Now we want to turn this into an ENVITask, so that we can run this on the desktop and in the cloud using ENVI Services Engine. All we need to do is build a task template file that describes the input parameters to this procedure:

{
  "name": "MaskExtremePixels",
  "baseClass": "ENVITaskFromProcedure",
  "routine": "MaskExtremePixels",
  "displayName": "Mask Extreme Pixels",
  "description": "This task processes the histogram of each band on the input ENVIRaster and builds pixel masks that exclude all pixels that are in the top or bottom percent of the histogram.",
  "version": "5.2.1",
  "parameters": [
    {
      "name": "INPUT_RASTER",
      "displayName": "Input Raster",
      "dataType": "ENVIRASTER",
      "direction": "input",
      "parameterType": "required",
      "description": "Specify the raster to mask."
    },
    {
      "name": "THRESHOLD_PERCENT",
      "displayName": "Threshold Percent",
      "dataType": "FLOAT",
      "direction": "input",
      "parameterType": "required",
      "description": "Percent of histogram to mask out from top and bottom."
    },
    {
      "name": "DATA_IGNORE_VALUE",
      "displayName": "Data Ignore Value",
      "dataType": "DOUBLE",
      "direction": "input",
      "parameterType": "required",
      "description": "Value to use for masked out pixels in OUTPUT_RASTER."
    },
    {
      "name": "OUTPUT_RASTER",
      "keyword": "OUTPUT_FILENAME",
      "displayName": "Output Raster",
      "dataType": "ENVIRASTER",
      "direction": "output",
      "parameterType": "required",
      "description": "Masked version of INPUT_RASTER."
    }
  ]
}

 

For the most part, this task template is pretty straightforward. We provide a name and description, then since we are wrapping a procedure we use the ENVITaskFromProcedure class for baseClass and the procedure name for routine. Then we have the list of parameters, with their name, displayName, dataType, direction, parameterType, and description attributes. The only anomaly to this is the OUTPUT_RASTER parameter. If we look at the procedure signature, you’ll see the keyword OUTPUT_FILENAME, which is an input string telling the procedure where to write the raster to disk.  When we wrap it as a task, we want to make life easier for task consumers, so we make the output parameter of type ENVIRaster, and set its keyword to OUTPUT_FILENAME. When this task template is loaded, the task framework will automatically add an input parameter of type ENVIURI that wraps this same keyword, appending the “_URI” suffix to the original parameter’s name. So the user could explicitly set the OUTPUT_RASTER_URI parameter value to control where the masked raster is written to, or they can leave it unset in which case the task framework will generate a temporary filename for that keyword.

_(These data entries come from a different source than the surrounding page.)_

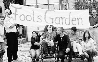 Die Fan-Gemeinde freut sich schon auf den Open-Air-Auftritt von Fools Garden anlässlich des Diakonie-Festivals in Dettingen: Der Leiter der Behindertenhilfe im Ermstal, Friedemann Salzer (links), und der Chef der Behinderten-Werkstatt in der Schwalbenstadt, Gerhard Droste (rechts), zusammen mit ihren Schützlingen und deren Betreuern.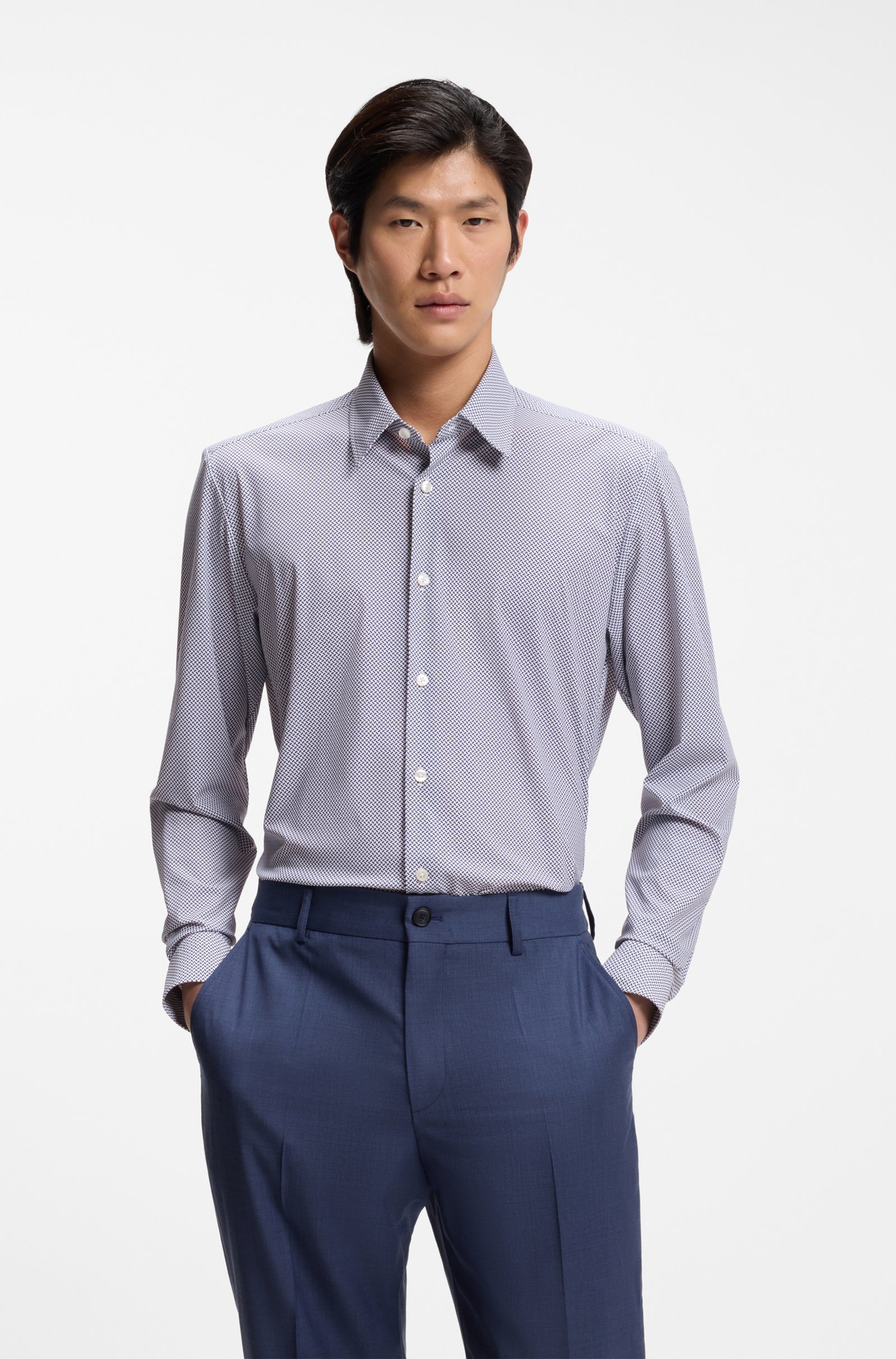 Das BOSS Hemd in entspanntem Regular-Fit ist mit einem zeitgemäßen Motiv bedruckt. Gefertigt aus Performance-Stretch-Jersey für optimale Bewegungsfreiheit.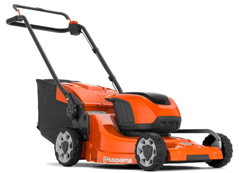 (Bare unit). Husqvarna LC 247i battery lawn mower has a large cutting width and double battery slots so that you can take care of medium-sized lawns easily and efficiently. Features the savE? mode for maximum run time when performing mowing that does not require full power, and PowerBoost to handle thicker grass efficiently. Adjustable handle, easy-to-reach bail, and quick and easy cutting height adjustment offer great ergonomics. The handle and collecting bag are foldable for better storage.
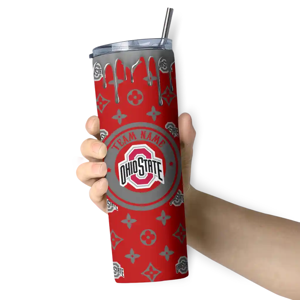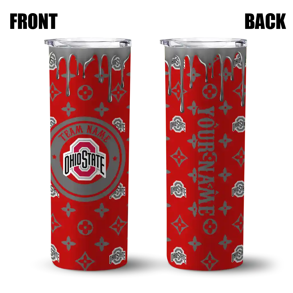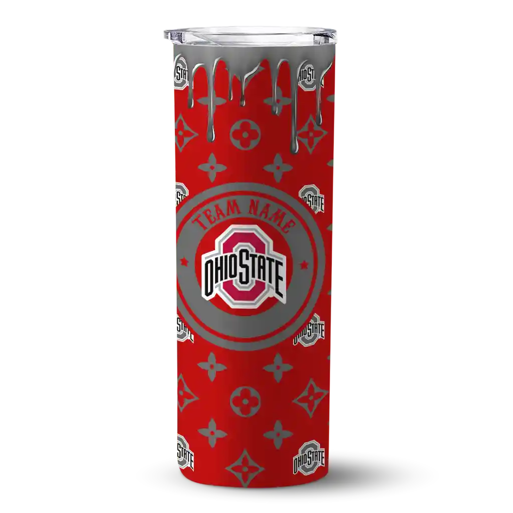 The Customized Ohio State Buckeyes Metallic Grid Scarlet Skinny Tumbler tumbler is the perfect way to stay refreshed while showing off your pride for Ohio State Buckeyes. With its double-wall insulation, your drinks stay at the right temperature for hours, whether you're enjoying a hot coffee or keeping your iced drink cold. What's inside? You’ll find 1 stainless steel tumbler, 1 clear lid, and 1 removable straw. It's the perfect blend of function and fan spirit! Ergonomically designed for comfort, made from durable stainless steel, and insulated to maintain your drink’s temperature, this tumbler is a must-have for any dedicated NCAA fan.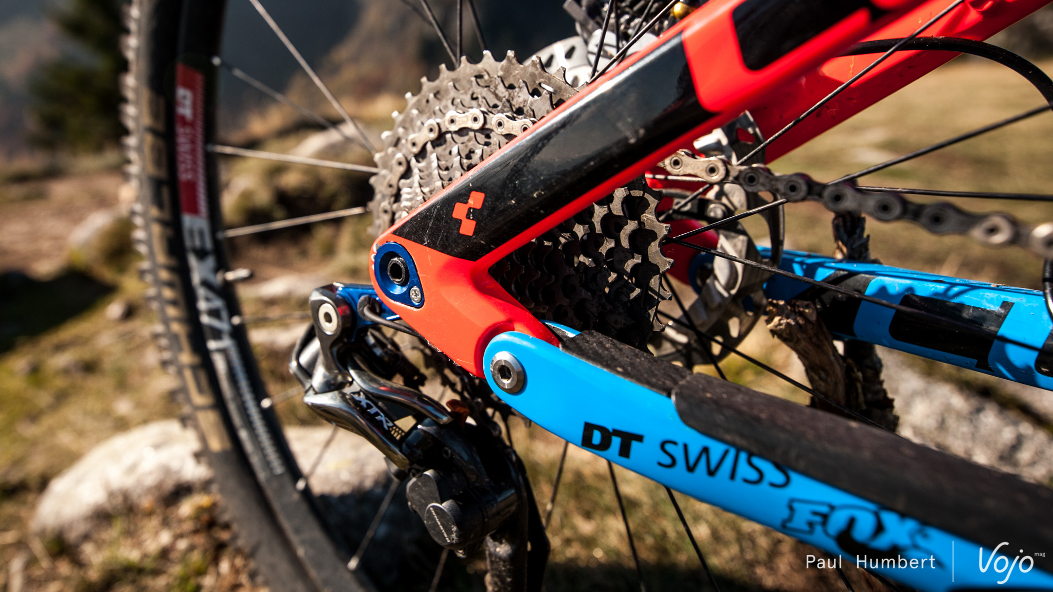 L’axe arrière passe au format Boost, ce qui augmente la rigidité générale du vélo. Les bases arrières du Stereo se raccourcissent (435,5mm) et l’angle de direction est plus couché (65°). Bref, le Stereo affiche enfin les côtes d’un vélo d’enduro de compétition moderne. « Le raccourcissement des bases me permet de rentrer plus fort dans les épingles et l’ouverture de l’angle de direction m’offre une plus grande stabilité à haute vitesse« , nous explique-t-il.

Once you copy this task template to a file with the extension .task and the procedure PRO file to the custom code folder (C:\Program Files\Exelis\ENVI52\custom_code on Windows), or one of the other documented locations you can then use it.  Here is an example showing how:

  e = envi()
  file = FilePath('qb_boulder_msi', ROOT_DIR=e.ROOT_DIR, SUBDIR='data')
 
  oRaster = e.OpenRaster(file)
  oTask = enviTask('maskExtremePixels')
  oTask.INPUT_RASTER = oRaster
  oTask.THRESHOLD_PERCENT = 0.02
  oTask.DATA_IGNORE_VALUE = -1
  oTask.Execute
 
  oView = e.getView()
  oLayer = oView.CreateLayer(oTask.OUTPUT_RASTER)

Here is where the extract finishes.